START The records

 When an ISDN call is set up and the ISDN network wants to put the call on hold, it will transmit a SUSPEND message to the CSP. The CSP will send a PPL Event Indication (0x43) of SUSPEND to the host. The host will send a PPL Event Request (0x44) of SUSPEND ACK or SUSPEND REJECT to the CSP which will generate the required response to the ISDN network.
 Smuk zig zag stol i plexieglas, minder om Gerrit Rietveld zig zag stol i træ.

END The records
START The records

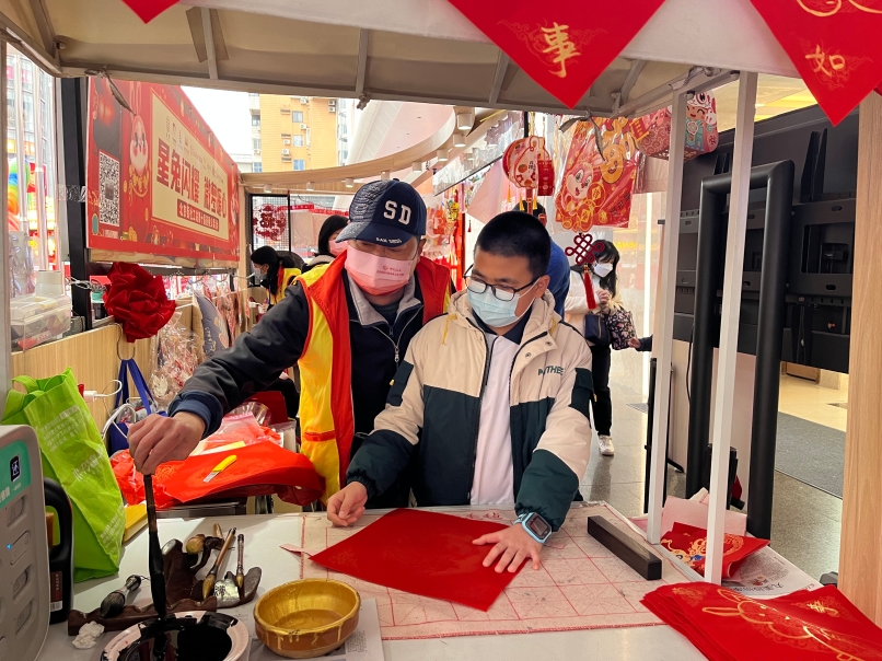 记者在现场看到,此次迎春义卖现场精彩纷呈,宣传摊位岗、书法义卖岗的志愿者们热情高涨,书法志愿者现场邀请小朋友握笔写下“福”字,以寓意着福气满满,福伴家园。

END The records
START The records

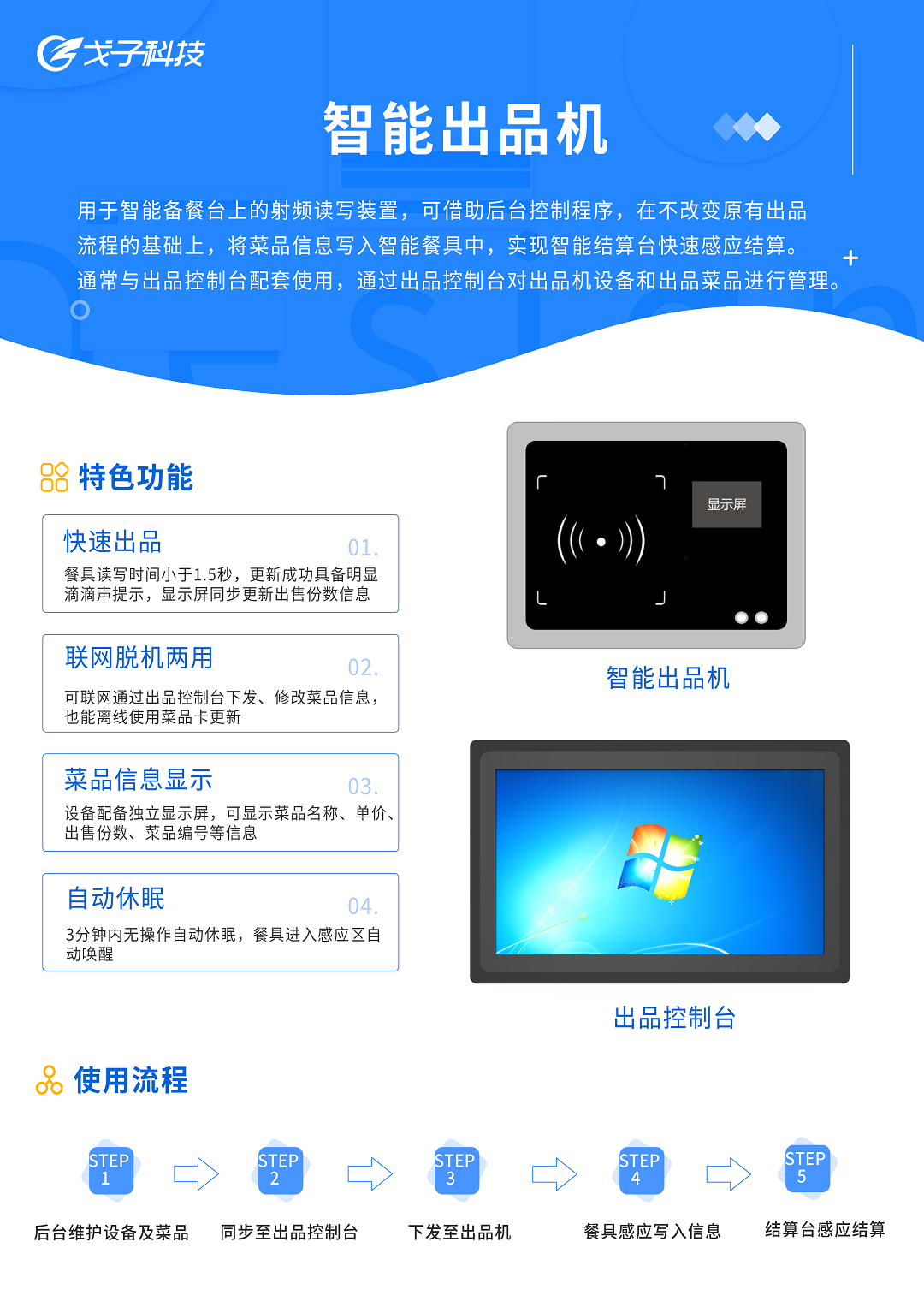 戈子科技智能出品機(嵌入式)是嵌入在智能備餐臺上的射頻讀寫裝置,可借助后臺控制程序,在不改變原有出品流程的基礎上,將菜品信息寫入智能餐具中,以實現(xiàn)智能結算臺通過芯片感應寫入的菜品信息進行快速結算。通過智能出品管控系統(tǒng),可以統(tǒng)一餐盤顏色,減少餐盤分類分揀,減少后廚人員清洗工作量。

END The records

Look above for the line with "When an ISDN" and the line with "Smuk zig zag"; transcribe both and all lines in between, exactly, and nothing else.

 When an ISDN call is set up and the ISDN network wants to put the call on hold, it will transmit a SUSPEND message to the CSP. The CSP will send a PPL Event Indication (0x43) of SUSPEND to the host. The host will send a PPL Event Request (0x44) of SUSPEND ACK or SUSPEND REJECT to the CSP which will generate the required response to the ISDN network.
 Smuk zig zag stol i plexieglas, minder om Gerrit Rietveld zig zag stol i træ.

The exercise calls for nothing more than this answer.